Record why, not just what. Apply to non-obvious constraints and rejected alternatives — self-evident decisions don't need rationale. Keep rationale inline, close to the decision it explains.

### Defined vocabulary

Define terms once in a central glossary — a shared file (e.g., `glossary.md`) or a section in the specs directory README — and use them consistently. Agents treat synonyms as distinct concepts.

### Scannable structure

Each spec uses numbered top-level sections with horizontal rule dividers.

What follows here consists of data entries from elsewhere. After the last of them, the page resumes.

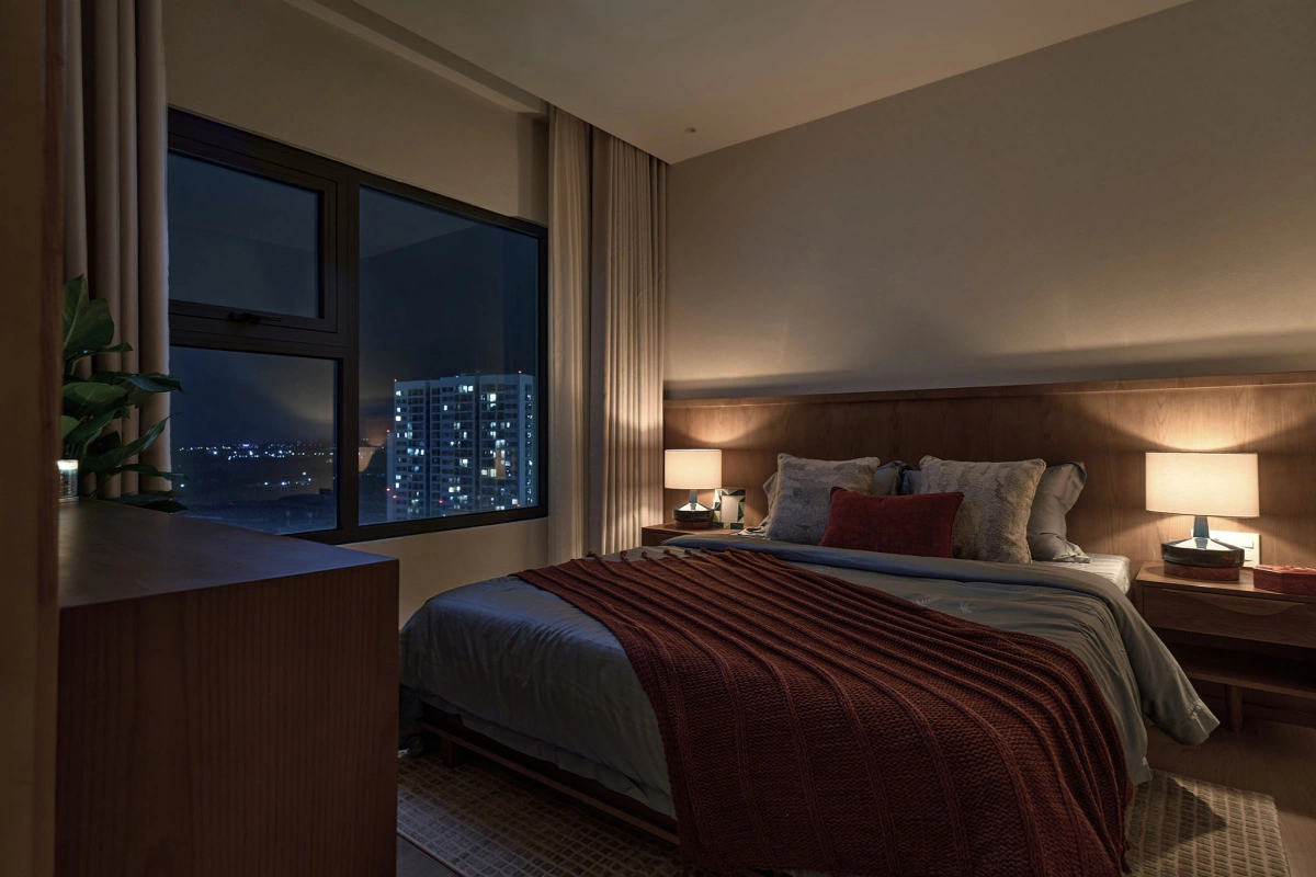 Phòng ngủ chính với nội thất hiện đại, tối giản, màu sắc tự nhiên.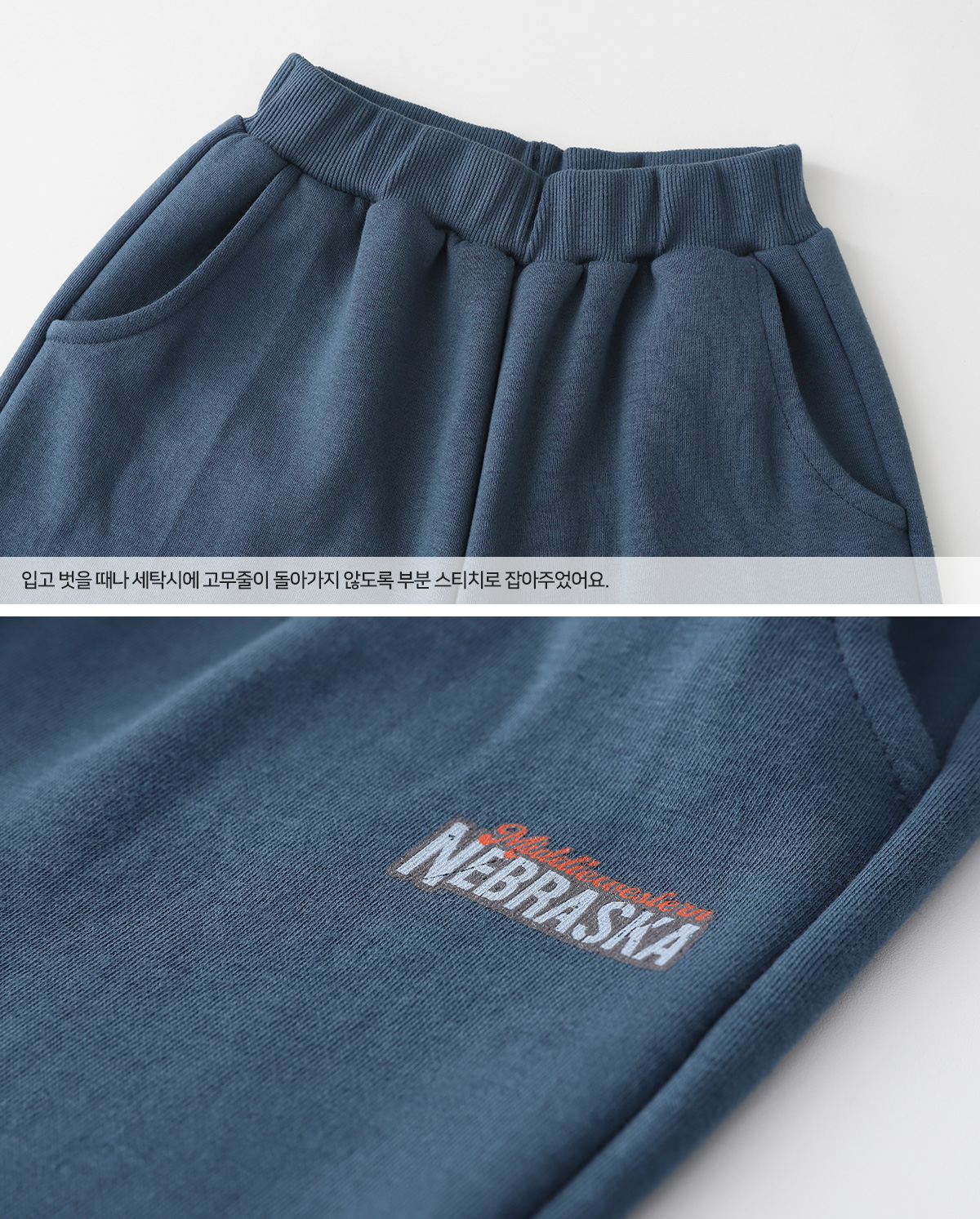 팬츠에도 로고 포인트를 더해 세트로 입었을 때 캐주얼한 스타일이 완성돼요.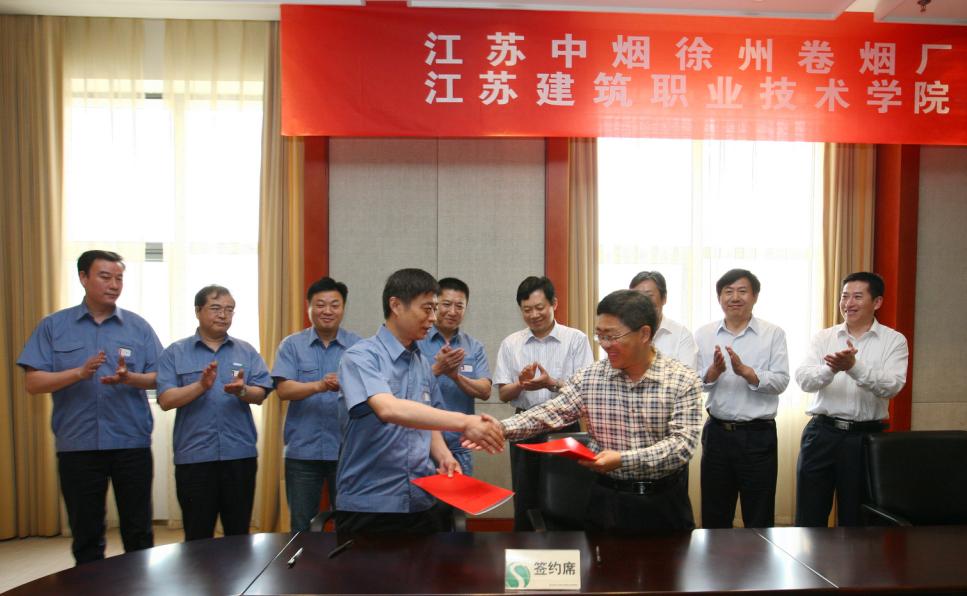 沈士德副经理和江苏中烟工业有限责任公司徐州卷烟厂纪委书记曹爱峰在合作协议上签字,公司有关职能部门和机电工程公司领导以及烟厂领导班子成员及相关负责人参加了签约仪式。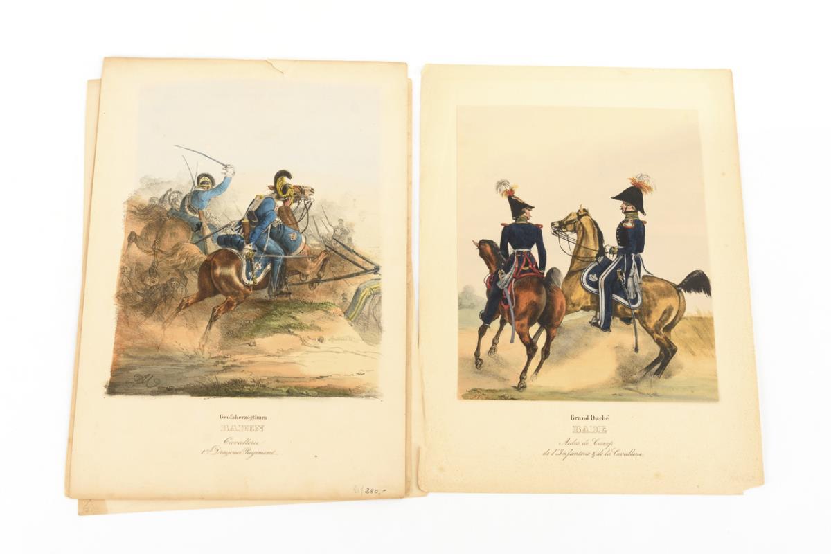 4x Baden, 4x Nassau und 2x Würtemberg (Württemberg). Soldaten und Offiziere in Uniformen; teils im Kampf. Alle Blätter bezeichnet, teils in französischer Sprache . Unterschiedliche Papierqualitäten, teils beschnitten und auf Trägerpapier.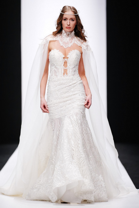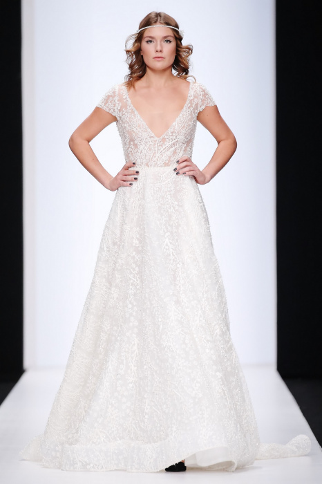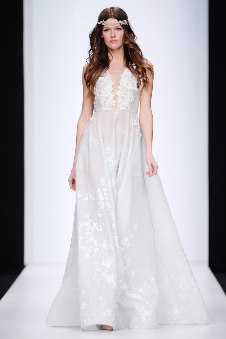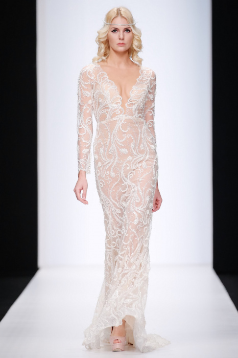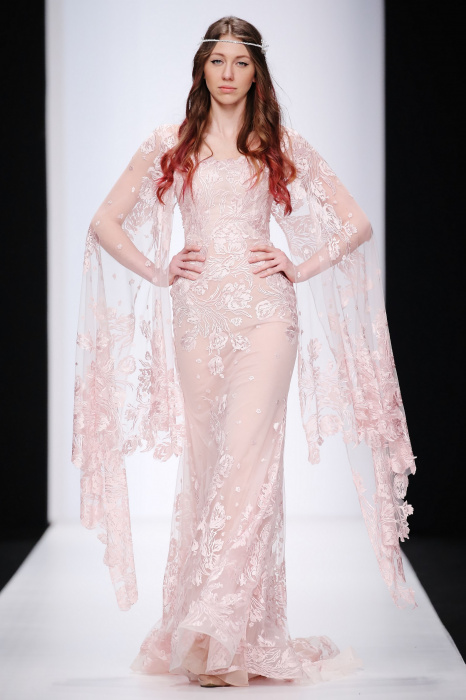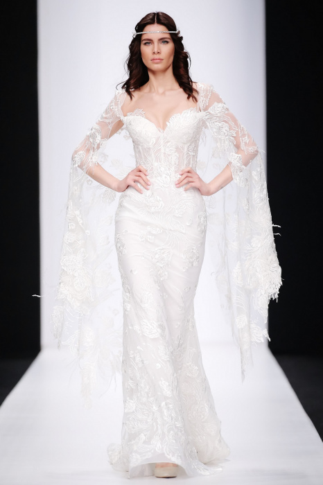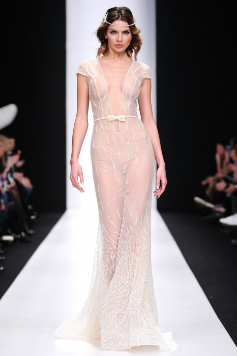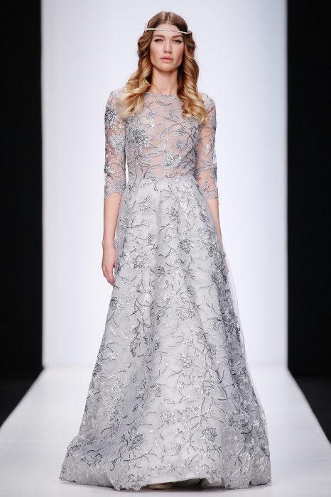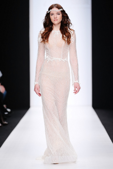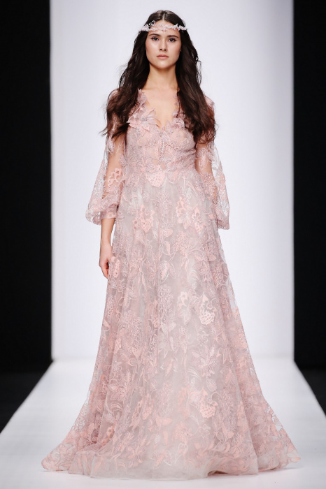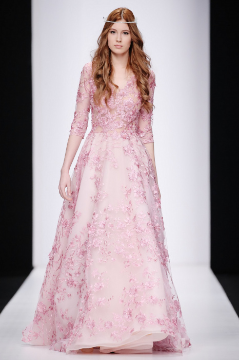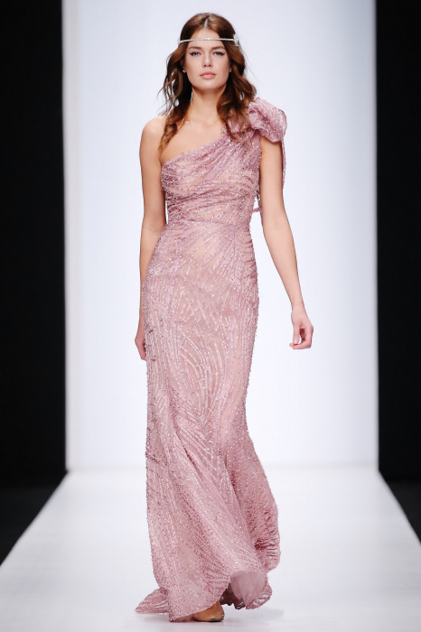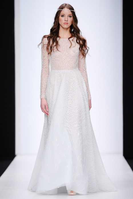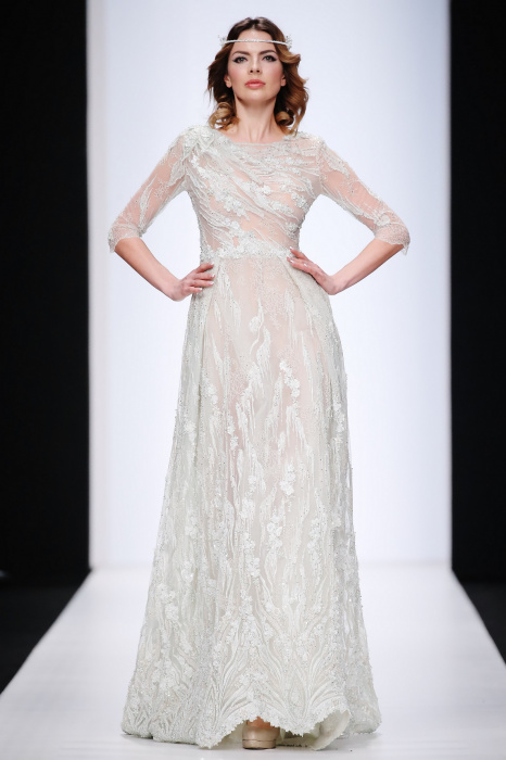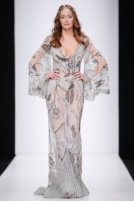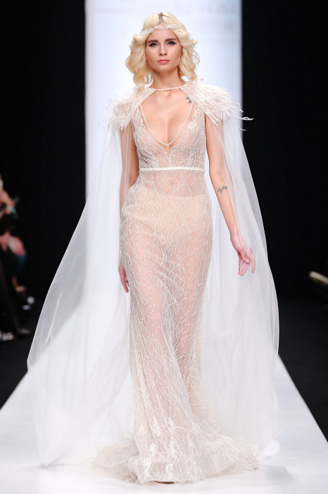 Сияющий в прямом смысле этого слова показ бренда Speranza Couture by Nadezda Yusupova начинается с живой игры четырех музыкантов, которые исполняют классические музыкальные симфонии. Весь показ так же можно описать словом «классический», так как каждое платье выполнено в лучших традициях вечерней и свадебной моды. Здесь большое количество ручной работы, а именно: вышивки, стекляруса, бисера, пайеток, объемных кружевных цветочных вставок. Каждая модель буквально сияет и напоминает диснеевскую принцессу. Прически девушек украшают блестящие металлические венки. В качестве дополнения поверх некоторых вечерних платьев используются прозрачные накидки со шлейфом, расшитые кружевом. Гостей удивляет длинное серебристое платье, полностью декорированное кристаллами с открытой спиной и объемными рукавами. Дизайнер использовала в коллекции пастельные оттенки, тем самым добавив нежности и чувственности в показ, и также насыщенные цвета, как темно-синий и черный. Завершает показ модель в свадебном платье цвета айвори, расшитом пайетками, кристаллами, с кружевными цветами на корсете и длинным шлейфом и фатой.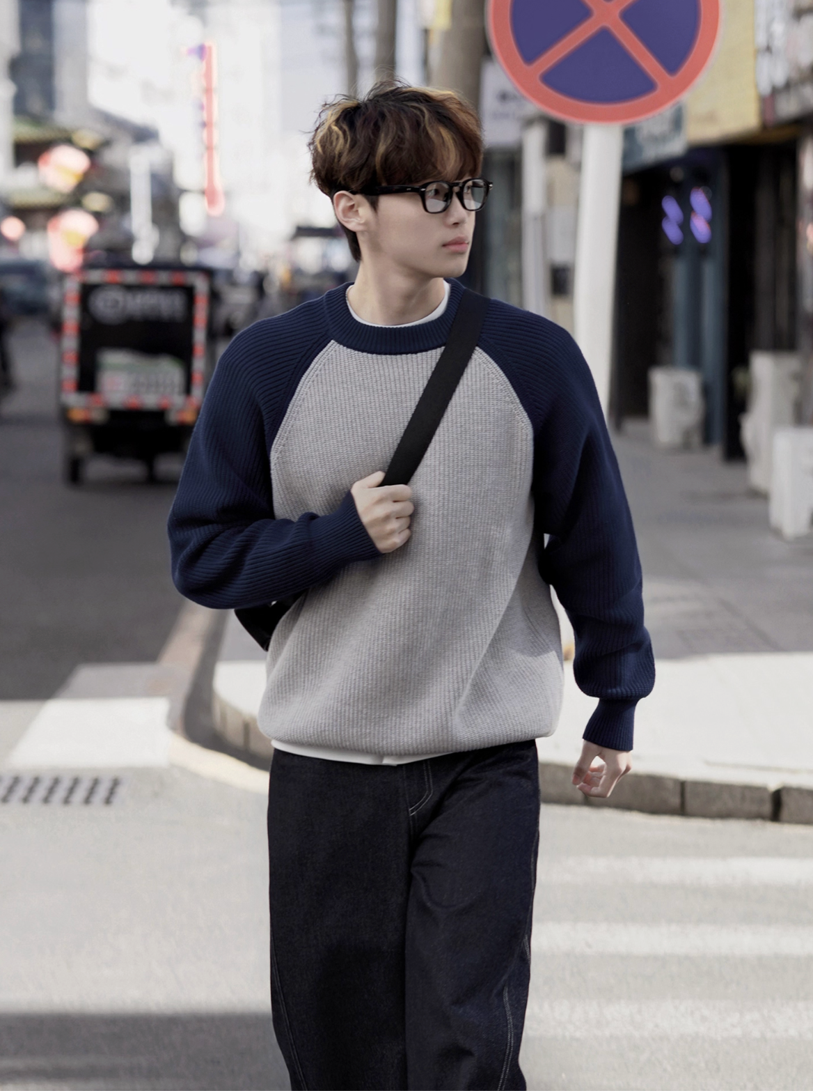 バイカラーラグランスリーブニットプルオーバー OR4803

Use tables for reference data, code blocks for formats, and subsection headings for distinct behavioral areas.

## Readiness Checklist

A spec is ready for implementation when all of these hold:

- [ ] Does the spec define observable behavior without prescribing internal implementation?
- [ ] Can you write a test assertion for every behavioral claim?
- [ ] Are all inputs covered for empty, missing, and invalid cases?
- [ ] Does every output have a defined format and error representation?
- [ ] Are cross-boundary contracts identified and specified?
- [ ] Do Non-Goals actively exclude the most likely scope creep?
- [ ] Do 5–15 concrete examples exist and were they easy to write?
- [ ] Does the spec use present-tense declarative statements without hedging?
- [ ] Do non-obvious decisions include inline rationale?
- [ ] Are terms defined in the glossary and used consistently?

If any criterion fails, the spec needs more work. This is expected — specs tighten through iteration.